Frederick Locker grew up among pretty things in the famous hospital.
Water-colours by Lawrence, Prout, Girtin, Turner, Chinnery, Paul
Sandby, Cipriani, and other masters; casts after Canova; mezzotints
after Sir Joshua; Hogarth's famous picture of David Garrick and his
wife, now well hung in Windsor Castle, were about him, and early
attracted his observant eye. Yet the same things were about his elder
brother Arthur, an exceedingly clever fellow, who remained quite
curiously impervious to the impressiveness of pretty things all his

Locker began collecting on his own account after his marriage, in
1850, to a daughter of Lord Byron's enemy, the Lord Elgin, who brought
the marbles from Athens to Bloomsbury. His first object, at least so
he thought, was to make his rooms pretty. From the beginning of his
life as a connoisseur he spared himself no pains, often trudging
miles, when not wanted at the Admiralty Office, in search of his prey.
If any mercantile-minded friend ever inquired what anything had cost,
he would be answered with a rueful smile, 'Much shoe leather.' He
began with old furniture, china, and bric-a-brac, which ere long
somewhat inconveniently filled his small rooms.
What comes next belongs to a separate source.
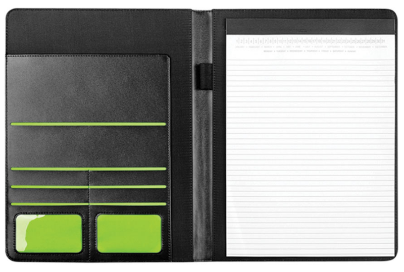 Папка с бележник и ластик, А4 20 листа с редове, цвят на хартията бял, място за химикалка и документи, закопчаване с ластик.

Prices rose, and means
in those days were as small as the rooms. No more purchases of Louis
Seize and blue majolica and Palissy ware could be made. Drawings by
the old masters and small pictures were the next objects of the chase.
Here again the long purses were soon on his track, and the pursuit had
to be abandoned, but not till many treasures had been garnered. Last
of all he became a book-hunter, beginning with little volumes of
poetry and the drama from 1590 to 1610; and as time went on the
boundaries expanded, but never so as to include black letter.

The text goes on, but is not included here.